1963…

Posted on Sunday 24 September 2006

Condi Rice is on 60 Minutes in the living room on the television. She talked about the 1963 church bombing in Birmingham where she was growing up that killed four little girls – girls she knew. She sees that event as Terrorism, and a root of her strong feelings about modern Terrorism. She sees it in terms of good and evil.
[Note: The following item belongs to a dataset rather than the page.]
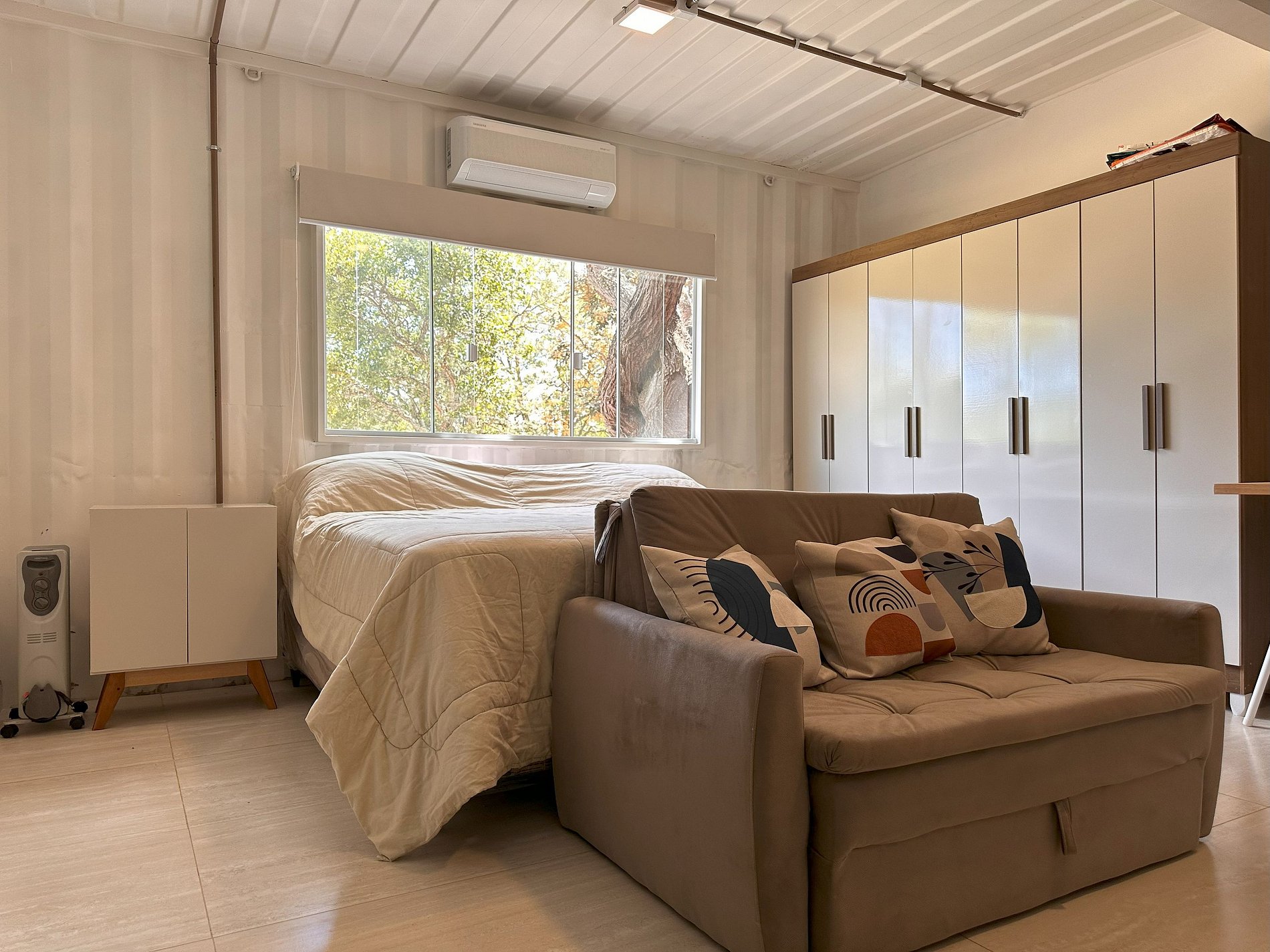 A sala possui 3 sofás-cama de casal, tv smart, banheiro e ar-condicionado.

On Monday, September 16, 1963, I was eating lunch in a Toddle House restaurant. It was the summer between college and medical school. While I had been peripherally involved in the Civil Rights Movement in college, it wasn’t yet a passion. But that day, I picked up a discarded newspaper and read about the bombing of the Sixteenth Street Baptist Church in Birmingham. It was a defining moment for me too. I could never again not see the hatred of the segregation and the racism in my native South. I don’t know why that particular event was the one that lit the fire – there had been plenty of other equally horrible incidents of outrageous racism – but it was the one that personally woke me up.

As I listened to Condi, I understood why she feels the way she feels, but it was interesting how differently it affected the two of us. For her, it solidified issues of good and evil. For me, it ended that kind of thinking forever. I remember exactly what I thought that day. These bombers had been so sure that they were right, they had felt justified in setting off a bomb that ended the lives of four innocent children. They thought they were "good" and that black people were "evil." They could depersonalize people based on the color of their skin, and do something monsterous because they could think that way. I wanted to see them as evil, the bombers, but I couldn’t make that kind of thinking work anymore. I saw that trying to make them evil was doing exactly what they had done. I saw that black and white thinking was wrong, both kinds. What I learned that day was that "good" versus "evil" was a lethal way to think.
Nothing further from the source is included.